Now for our arch-villainess, Rachael, a “hot young bride” with a fantastic cosmetic surgeon. She’s somewhere between a porcelain doll and a child pageant queen and we know she’s going to be an excellent commentator until she gets dramatically kicked out. She brings her friend Tonya as an accessory who Matt appears to like better. She enters the mansion and immediately starts shit about not thinking Matt is hot. She proceeds to judge Abbie for being too keen on Matt too early, but, girl, you arrived in a wedding dress.

Osher introduces a Bachelor-first gimmick of a Golden Ticket, which allows one of the girls to go to Melbourne with Matt. This makes contestants frantically interrupt each others’ fake deep conversations (which sound like a J Cole interlude, according to my boyfriend). The resulting mess is described as “like a feeding pen” and “lots of girls left, right and centre trying to grab him” (he has bipartisan support).

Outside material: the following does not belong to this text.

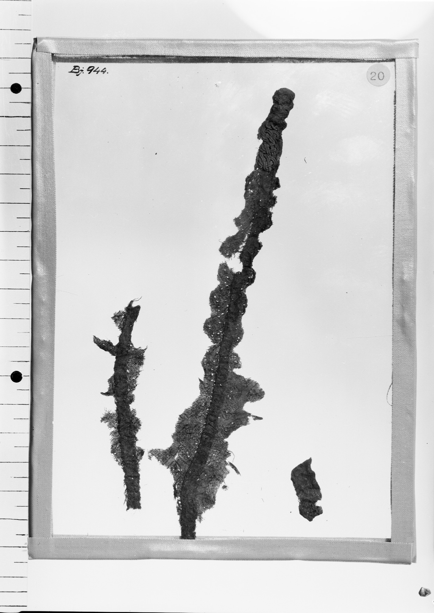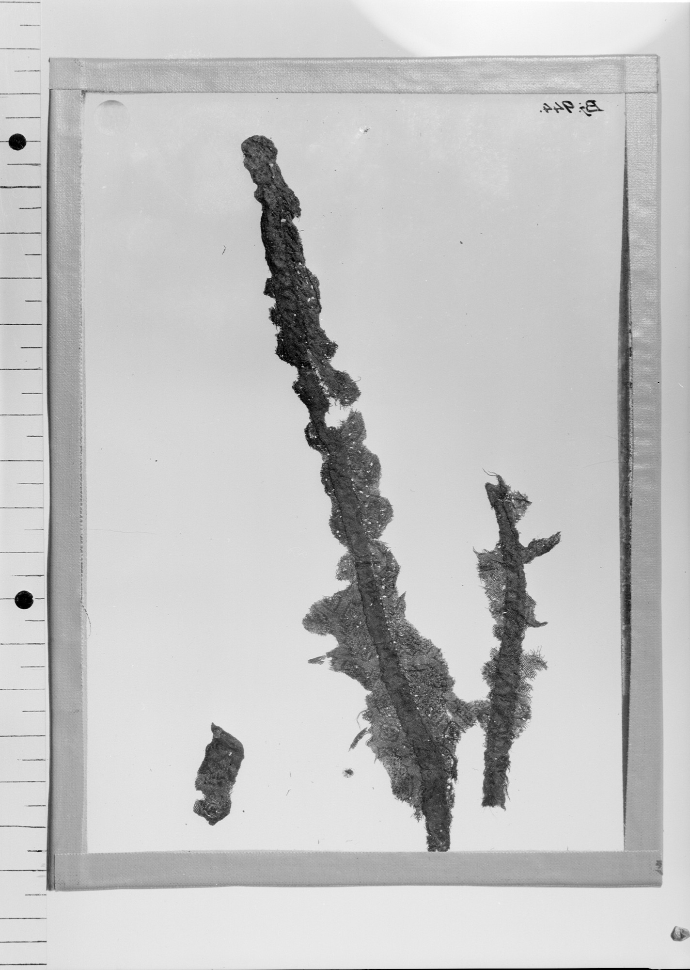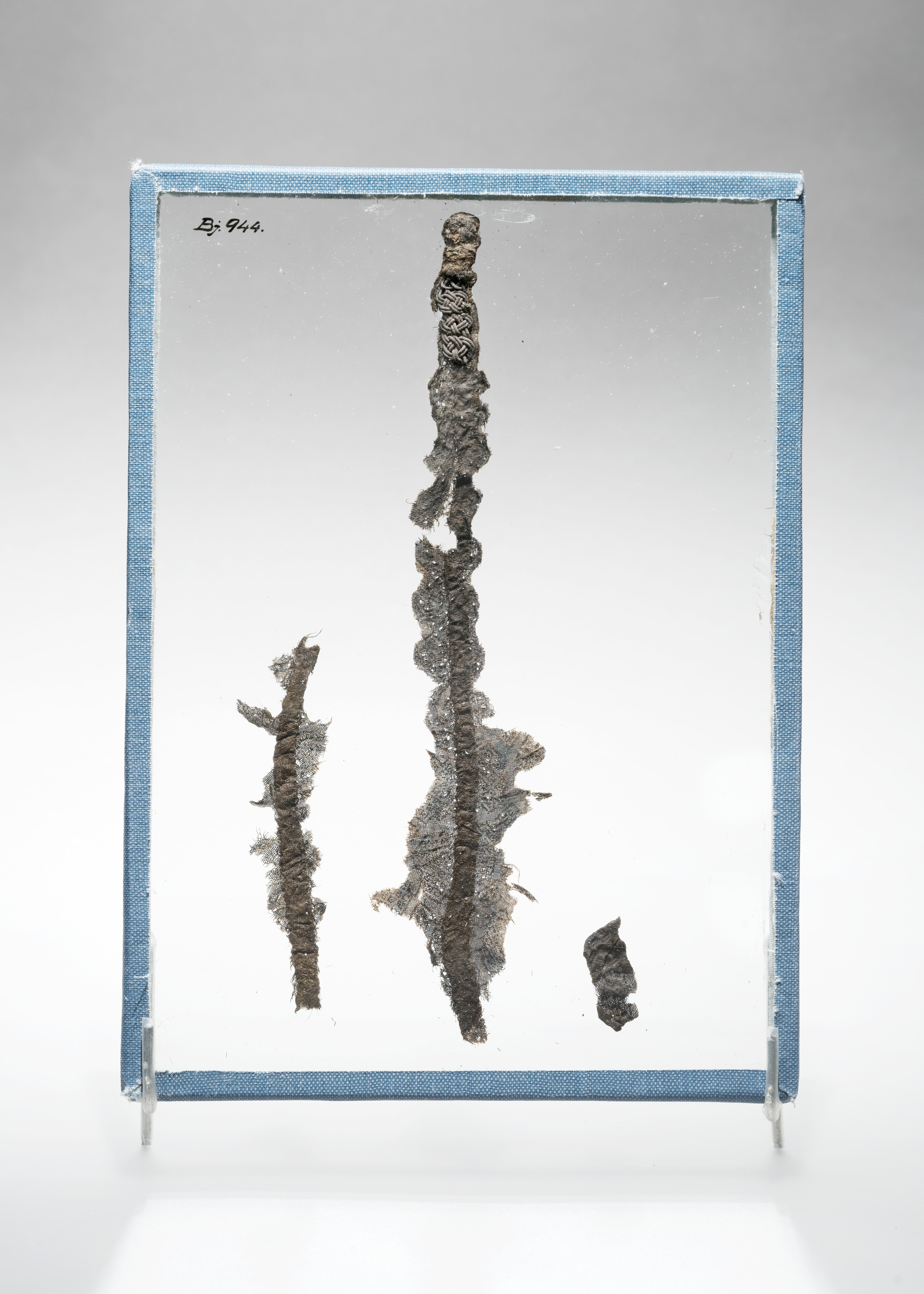 Hasplat råsilke tuskaftsväv med varpflottering, så kallad Han damast, geometriskt mönster omväxlande små kvadrater och trappformade avgränsande fyrkanter, ena trådsystemet blåfärgat, samt sidentyget målad eller tryckt med guld, från Kina tidig Tang dynasti (ca. 618-700 AD). Fastsydd över söm posamentfläta av spiralsilvertråd. Taf. 13:4

Amid the frenzy, there is confusion about Matt’s job. Vakoo can’t pronounce it. Bridezilla has no idea what it is. This collection of models, wellness coaches, and influencers are bemused by a job requiring qualifications. Sogand, who’s an engineer, looks disgusted.

Elly, who we now conclude is a sweetheart, nobly refuses to interrupt other girl’s conversations, and in doing so gets a proper length convo with Matt after things have calmed down. They talk about cooking and nursing. It is very wholesome. The producers try to generate fake suspense that clinger Emma will get the golden ticket, but it unsurprisingly goes to Ellie. Mary hopes she’s not a good kisser.

At the rose ceremony, Keely and Sophie go home. We are not sad because they were pretty irrelevant. Rachel miraculously stays, and Emma is relieved to get a rose because she is in love. Pleasingly, Elly, Chelsie, and Sogand are the first three to get roses. The world is as it should be.

Weirdest line: Vakoo describing Matt as a 3 layer chocolate cake which she wants to taste (that’s a bit forward).

Episode score: 7 out of 10. Elly gets the recognition she deserves but the drama is still lukewarm.